The Ancestor is pathetic, and I love him that way.
Lately, and I'm not entirely sure why, I've started to realize just how genuinely pathetic the Ancestor really is.
It's not that I didn't understand what he was before. I always knew he was a rich, arrogant psychopath who destroyed everything and everyone around him in pursuit of forbidden knowledge. But for years, I think I accepted that at face value. He was the grand architect of the tragedy, the brilliant madman, the man who pushed too far and paid the price. I never really stopped to think about what that actually says about him.
But over the last few months, I've found myself revisiting a lot of his dialogue, and honestly, the more I think about him, the more pathetic he becomes.
This is a man who spent decades pursuing ultimate knowledge. He sacrificed countless lives, burned through unimaginable wealth, committed atrocity after atrocity without hesitation, and destroyed his family, his estate, and entire communities in pursuit of truth. He crossed every moral boundary imaginable because he believed there was something greater waiting at the end of that road.
And then he finally gets there.
He discovers the truth of the universe: the answer he spent his entire life searching for, the revelation that justified every horrific thing he had ever done.
And what does he do with it?
He gives up.
That's it.
After all that ambition, all that obsession, all that cruelty, his grand conclusion is essentially that life is meaningless because we're all going to die anyway. The man who spent decades pushing beyond every conceivable limit reaches the ultimate truth and responds with the kind of nihilism you'd expect from a teenager who just discovered philosophy last week.
What truly shattered any romanticized image I had of him, though, was realizing how often the Ancestor accidentally describes himself. The best example, for me, is his speech about the Fanatic. I used to love that speech because it's delivered with such absolute conviction and contempt. And I still do. But every time I hear it now, I can't stop thinking that he's not describing the Fanatic at all.
He's describing himself.
"A man consumed by a mythology of his own making." "A worldview propped up by desperation." A fanatic incapable of nuance, convinced that his own obsession justifies every atrocity committed in its name.
The Ancestor spent his entire life pretending to be a man of boundless curiosity and cosmic ambition, but beneath all the grandiose language and theatrical self-importance, he was just a profoundly empty person. He had no real conviction beyond satisfying his own curiosity. No greater purpose. No vision. No imagination. The moment he finally received the answer he had spent his entire life pursuing, he discovered that he had absolutely no idea what to do with it.

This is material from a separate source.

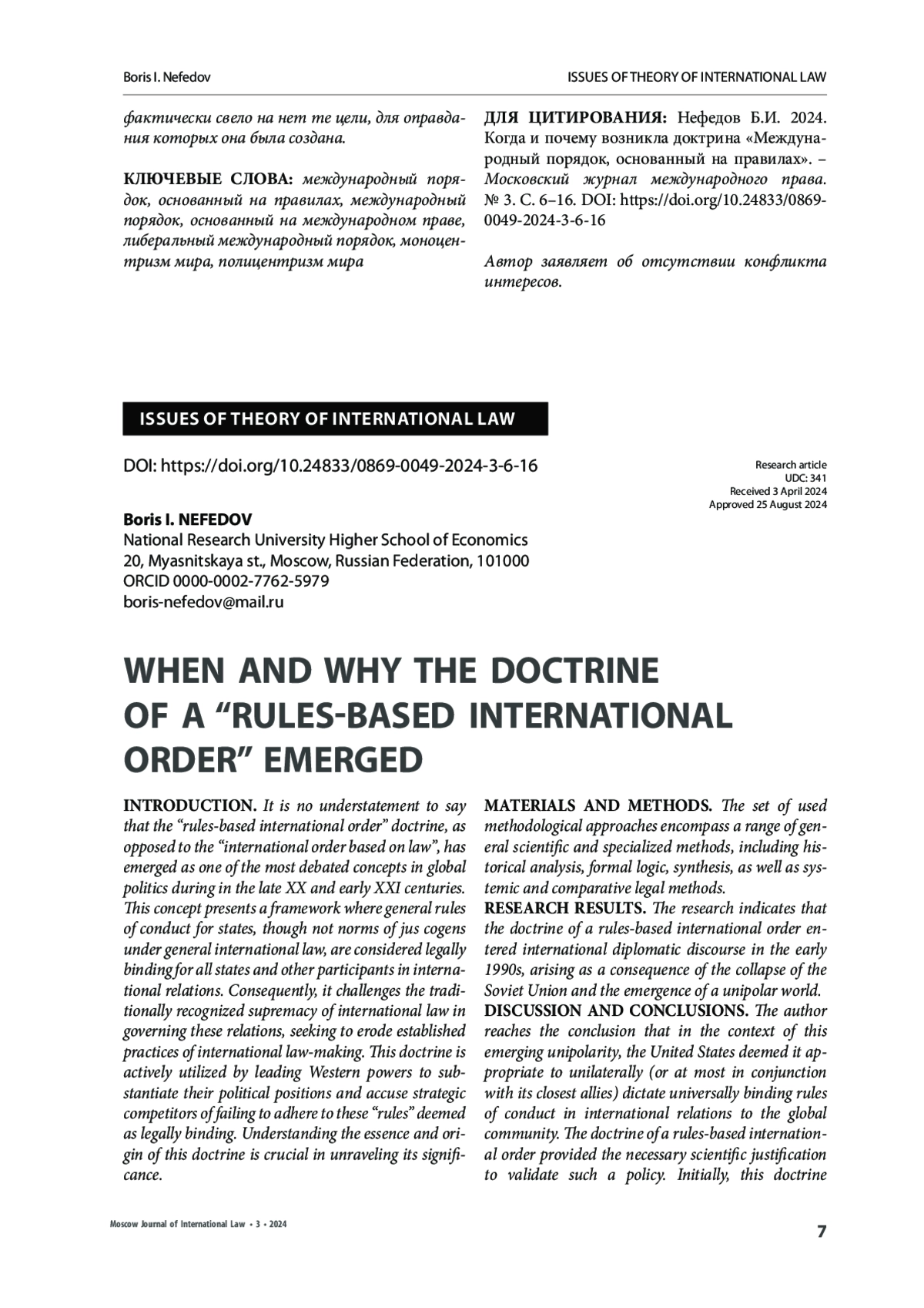 7. Нефедов Б.И. 2021. Понятие «правила» в доктрине «международного порядка, основанного на правилах». - Россия и современный мир. № 3. С. 6-21.

He wasn't some tragic seeker of forbidden truths. He was a lonely, narcissistic clown who destroyed the world searching for meaning and then abandoned all pretense the instant he realized the universe wasn't going to hand him one.

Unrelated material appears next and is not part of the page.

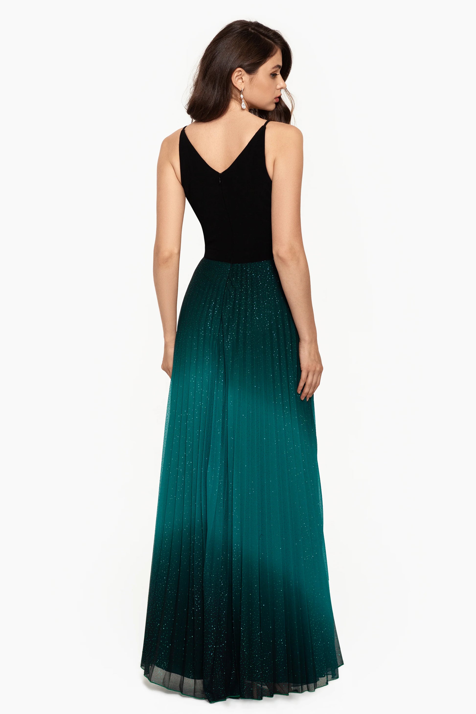 "Berkley" Long V- Neck Jersey Knit Pleated Glitter Skirt Dress

And I have to admit, I think that's what made me love him even more.
He's not terrifying. He's not profound. He's not even particularly intelligent in the way I once thought he was. Underneath all the cosmic horror and theatrical grandeur, he is simply nothing: a man so utterly hollow that, when confronted with the ultimate truth, he found himself incapable of doing anything except surrender to it.
"Victory, a hollow and ridiculous notion."
Perhaps. But I don't think anything in Darkest Dungeon is emptier than the man who says those words.
And honestly, I think that's absolutely brilliant.